I guess i’ll throw a short introduction here as it’s my first real post.

I’ve been around for a while, mostly lurking, reading, and trying to learn as much as I can.

I have 2 Connies, a 55ton 3 truck Shay, and probably 5 Spectrum gondola’s, 3 boxcars, and a few flats. I would like some log cars for the shay, but Bachmann doesn’t make any in 1:20.3 and Accucraft is too rich for my blood. I’ve been eyeing Bachmann’s long caboose in 1:20.3 as well. As you probably guessed, i’m a big fan of Bachmann’s narrow gauge F scale offerings.

I currently live in an apartment (only 25 years old), so my focus is detailing my models, modifying them how i would like, and converting to rc/battery operation. Looking to buy a house in the next 2 years, so that’s when the actual railroad will be built.

Onto my actual question per the thread title. I noticed most people shorten the stock pilot deck down quite a bit. It really does look goofy at the factory length.

For those of you that shorten the pilot, what is the best way to go about doing this?

Does it effect tracking on 8’ diameter curves?

Anything i should be aware of before i attempt to do this?

Anyone that has done it, and which they hadn’t?

Thanks in advance, and i welcome all comments, criticism, and leg pulling. I did 7 years in the military, so my skin is more than tough enough.

-Will

William,

Welcome aboard. if you do a search of the site i think you will find there was a farly recent group of posts on shortening the pilot of the Connie, and i do not think it will effect the radius the locomotive will run on. while your waiting on the garden, you may want to give some thought to a module in your apartment, where you can experiment with track. there are folks that run on code 332 and others like myself that work with code 250. my layout started in my basment initially and that set the course for what now exists outside, but it was there that i learned what i wanted. in my case the basment layout now runs out a side window and into my backyard before ending in my barn. i run stricty point to point, not everyones cup of tea but i like it for operationa purposes.

Al P.

Will, you may have already seen this Bachmanm Connie Bash Thread. If not, its worth a look or two. There are links to build threads for just what you are looking for contained within.

Will,

Welcome to the forum and thank you for your service!

Most of the threads/information on the Connie pilot deck changes are pretty old and some of them will probably be difficult to find.

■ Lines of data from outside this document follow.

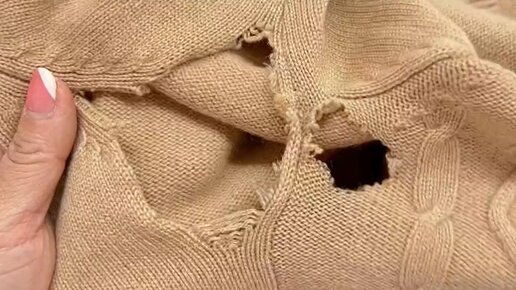 Ремонт большой дырки под мышкой в кардигане
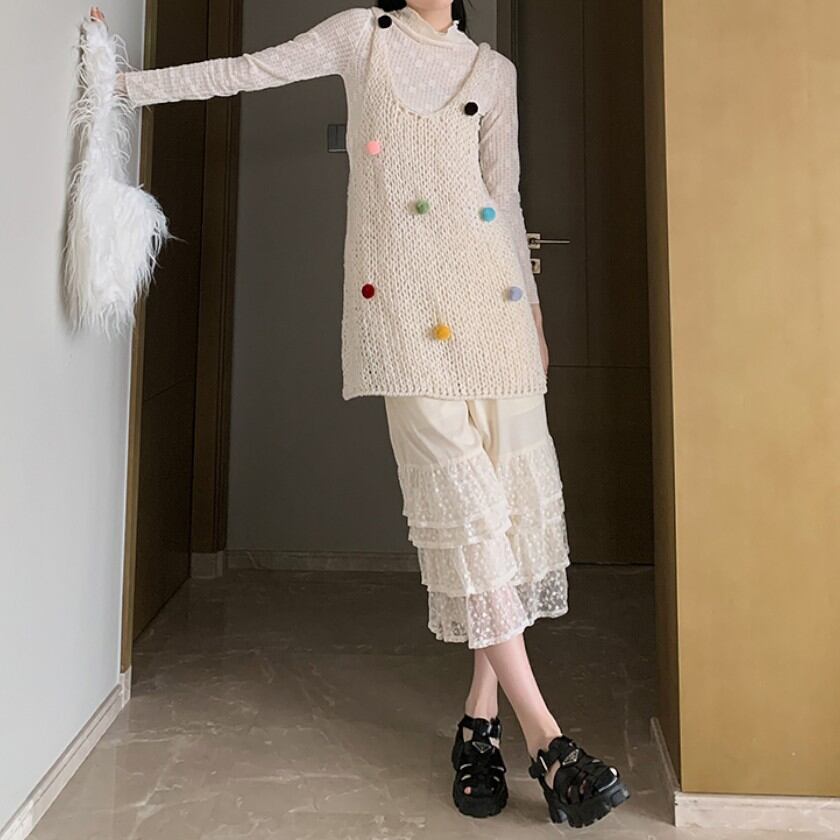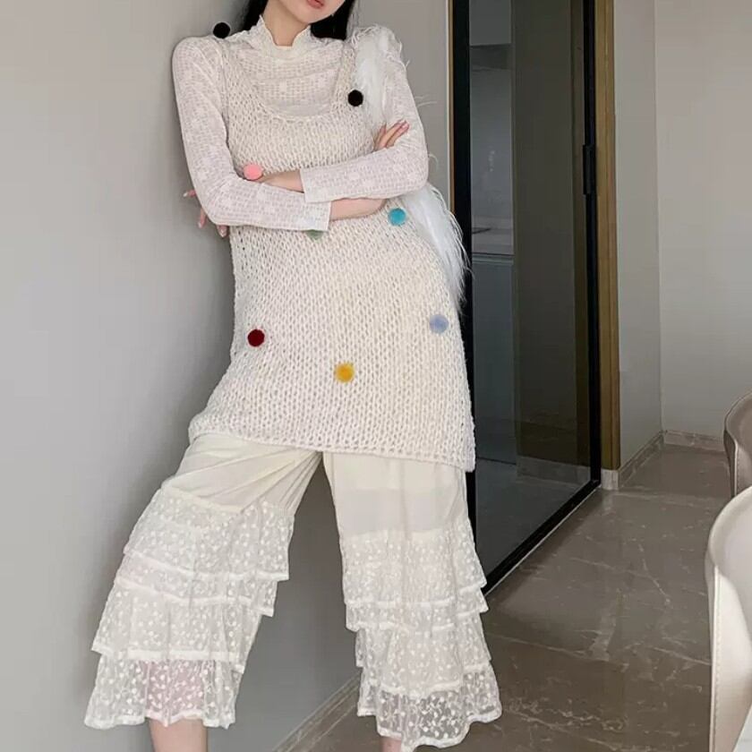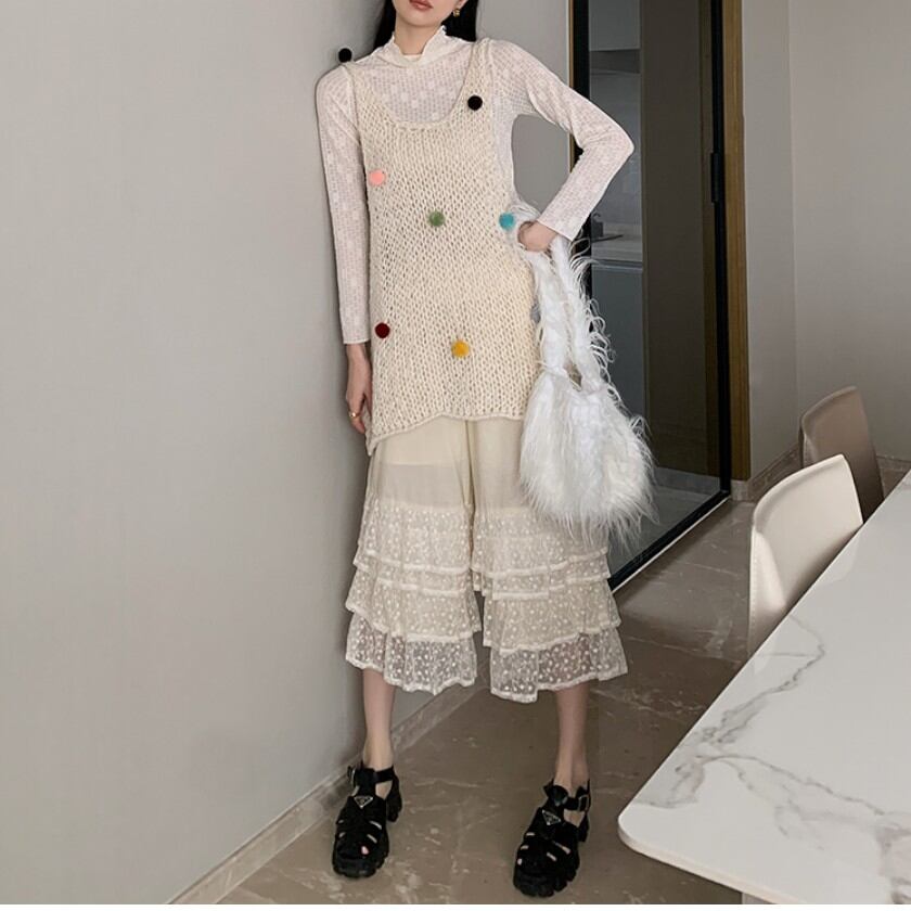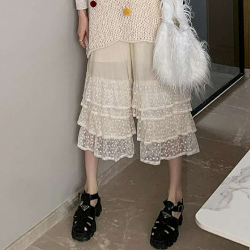 cute girly lace wide leg pants 0057
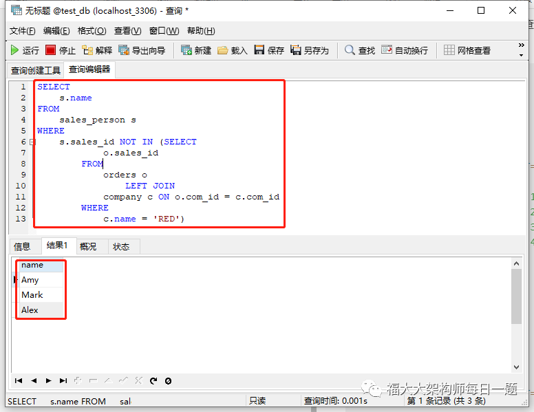 2023-01-15:销售员。编写一个SQL查询,报告没有任何与名为 “RED” 的公司相关的订单的所有销售人员的姓名。以 任意顺序 返回结果表。
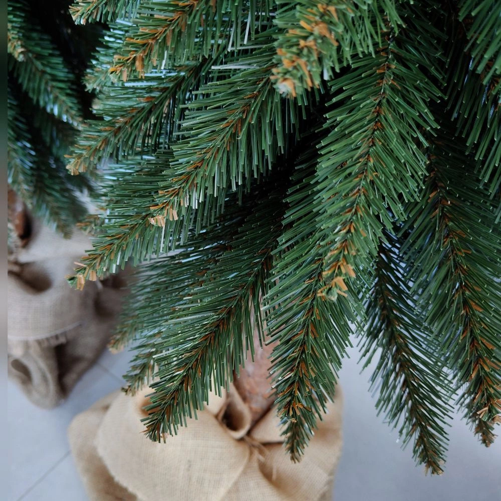 Igiełki świerku zostały wykonane z foli PVC. Są elastyczne, wytrzymałe i nie ulegają odkształceniu. Eliminuje to problem wypadających i zżółkniętych igieł, charakterystycznych dla żywych drzewek.
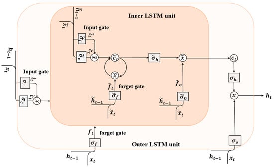 NLSTM [52] is a factor of RNN model with multiple levels of memory. In contrast to staked LSTM, NLSTM is nested together LSTM units. NLSTM is used due to its features of good robustness and generalization power in different domains. NLSTM explores the inherent temporal features in the inputs to capture high-level features. The operation of a memory cell in an NLSTM is mimicked by a standard LSTM cell. The function of the output gate in LSTM is to encode the memory, which is not even relevant at the current time-step, and to remember it for future use. Similarly, NLSTM utilizes adopt it to create a temporal hierarchy of memory and can access the inner memory immediately, but uses a selection approach for longer-term information, which is only relevant occasionally. The schematic diagram of NLSTM is shown in Figure 6.
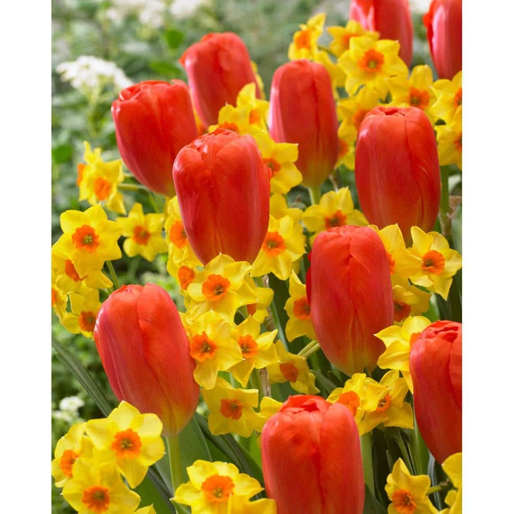 This Blend contains both Naricuss Martinette and Tulipa Appledorn. Perhaps 1 of the best fall planted bulbs for cutting, this mix includes the ‘Martinette’ Daffodil simply can’t be beat. Its beautiful clusters of delightfully fragrant, butter yellow blooms which bloom 3 to 6 per stem make them excellent in fresh floral arrangements. Not to mention that the frilled tangerine-orange cup in the center create a great accent in the garden as well. Darwin hybrid Appledorn Tulip breathtaking beauty is considered 1 of the best red long-stemmed tulips in gardens, also an excellent perennial. The signal red hue on its large, 5 in. flowers is make more dramatic by a touch of black at the base.
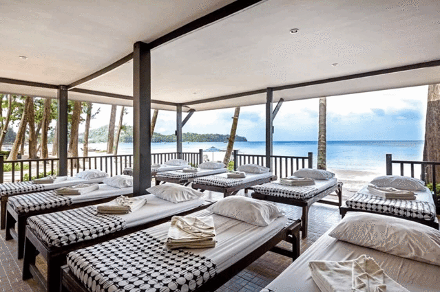 都说天然的才是最好的,所以,我们这次来体验的这个Spa Massage(温泉SPA)是酒店自带按摩馆。该Spa Massage户外半开放性质,坐落在私人海滩,可以边吹海风边按摩!海风吹起幔帐摇曳,还享受着捶腿捏背的服务,真是宛若女王~这种景象不仅有一股子浪漫的味道,而且真的是超级无敌爽!

On my Connie I shortened the deck about 1/2 -5/8 of an inch but also lengthened the smoke box and changed the pilot wheels to outside frame/springs and raised the headlight. Made a tremendous difference in the look of the front end.

I have the paper files on these changes around here somewhere if you can’t find what your looking for contact me and I can scan them to you if your interested.

Good luck on your mods,

Rick

I’ve scanned through the Connie bash thread many times. I was looking more along the lines of where to cut. I’m new to drastically changing a model like this, and I’m concerned with degrading the structural integrity I guess. I don’t want to take too much out, maybe only a quarter inch.

I’ll take a look through any build logs I can find. Thanks for pointing me in the right direction!

Also, is there any way to break down the bachmann glue? Trying to free the headlight from the smoke box door, but it’s glued down tight. But I looked at the window in the engineers door wrong, and it fell out. Ugh.

William,

I’ve shortened mine by about an inch. It has a metal frame under the plastic pilot deck, so anything done is strictly cosmetic. It won’t effect the integrity of the frame. I had to refrabricate the pilot truck.

As for the headlight, I just pried it off with a hobby knife. Any damage done was covered over by a number plate.

(http://i253.photobucket.com/albums/hh58/rgseng/August%20Ops%202013/AugOps33_zps0d19e599.jpg)

I initially was going to trim my pilot deck, however, after investigating the locomotive I was modeling, I could cheat a little and add to the smokebox. It turn out pretty good…until…I step away from the workbench to grab a tool.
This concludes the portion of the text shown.